The Ambush (Al Kameen), merupakan kisah nyata yang difilmkan mendekati kejadian sebenarnya dan film ini mendapat banyak perhatian, karena adegan-adegan dalam film tersebut mampu membuatnya sejajar dengan film-film barat pada umumnya.

Pembuatan film ini tidak lepas dari rumah produksi asal Amerika, dengan kursi sutradara dipegang oleh Pierre Morel dan Birtell bersaudara sebagai penulis, mengambil cerita berdasarkan peristiwa asli yang terjadi pada tahun 2018 di negara Yaman.

Tapi sebelum itu, tonton dulu trailernya berikut ini

Sinopsis Singkat The Ambush (Al Kameen)

Di Pangkalan Mocha, selama musim dingin 2018, pria dan wanita dari militer UEA dikerahkan untuk memberikan bantuan, dapat dikatakan bahwa tentara Emirat sedang bersemangat ketika mereka akan menyelesaikan pekerjaan mereka.

Selama patroli rutin terakhir mereka, tiga tentara, Ali, Bilal dan Hindasi disergap oleh militan bersenjata berat dalam perjalanan mereka, di sebuah ngarai sempit.

Ali, Bilal dan Hindasi, terluka, terjebak dan di luar jangkauan komunikasi, ketiga tentara menyadari gawatnya situasi mereka.

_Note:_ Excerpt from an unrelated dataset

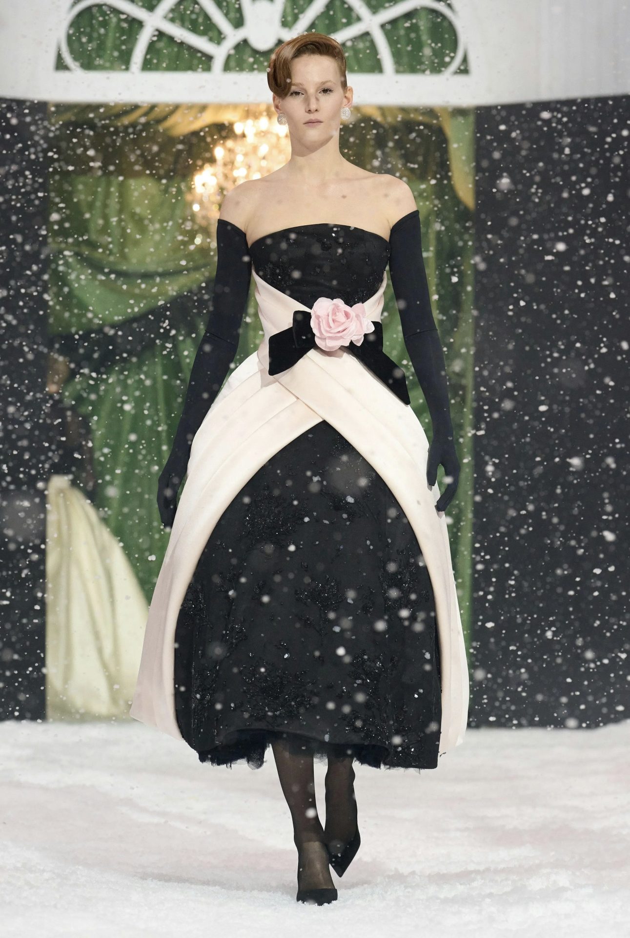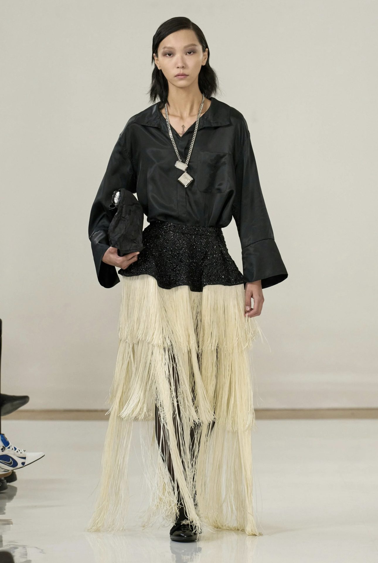 Otro accesorio que ha captado la atención es el regreso de los guantes de ópera, reinterpretados por diseñadores como Richard Quinn y Bora Aksu. Este elemento clásico y sofisticado ha sido modernizado con un enfoque contemporáneo, demostrando que las tendencias del pasado pueden reinventarse y recuperar protagonismo en la moda actual. Su impacto visual se intensifica con el largo: cuanto más extensos, mayor es su capacidad para transformar un look con dramatismo y elegancia. En cuanto a las texturas, el encaje se posiciona como un material imprescindible para la próxima temporada. Presente en prendas superiores e inferiores, esta tela no solo aporta un aire de feminidad y delicadeza, sino que también permite jugar con transparencias y contrastes. Firmas como Pauline DeJancourt y Di Petsa han apostado por su versatilidad, demostrando que el encaje puede trascender su uso tradicional en la lencería y consolidarse como un símbolo de sofisticación y carácter.

Sementara itu di pangkalan, komandan mereka menerima berita dan menyadari bahwa serangan terhadap patroli tentara UEA ternyata merupakan serangan yang direncanakan. Sebuah misi penyelamatan sedang dalam perjalanan, tetapi akankah dukungan udara dan darat mencapai orang-orang itu tepat waktu, dan apakah mereka dapat bertahan?

Membahas film ini, tentunya terasa lebih pas membahas keterlibatan Image Nation Abu Dhabi dengan AGC Studios sebagai rumah produksi Amerika. Inilah yang menyebabkan dengan bujet yang besar, adegan-adegan dalam film tersebut terlihat sangat nyata, sehingga membuat penonton hanyut, merasa juga berada di posisi Ali ( Marwan Abdullah | ), Bilal (Khalifa Al Jassem)dan Hindari (Muhammad Ahmad)

Direktur Pierre-Morel (‘Diambil’), ‘dengan penulisnya Brandon Birtel (‘Furious 7’) dan Kurtis Birtel (‘Medal of Honour’), ​​memang menghadirkan momen medan pertempuran berdarah yang sekilas mengingatkan akan keaslian adegan di Saving Private Ryan ini membuat penonton merinding saat melihatnya.

Tentu saja, risiko membuat film kolaboratif dengan suasana orisinal ini tetap ada, tetapi diminimalkan melalui scoring dalam film khas Hollywood. Hal ini membuat penonton merasa familiar dan tidak membutuhkan banyak adaptasi untuk mengikuti film yang dibuat dengan tetap mempertahankan bahasa aslinya. Fokus penonton dibawa ke dua sudut, yaitu sudut pandang mereka yang terjebak dan sudut pandang penyelamat.

Strategi tersebut ternyata membuahkan hasil dan membuat film ini masuk dalam jajaran film box office, ketika akhirnya dirilis pada tahun 2021.

Film ini akan segera tayang di bioskop favorit Anda, dalam durasi 1 jam 42 menit.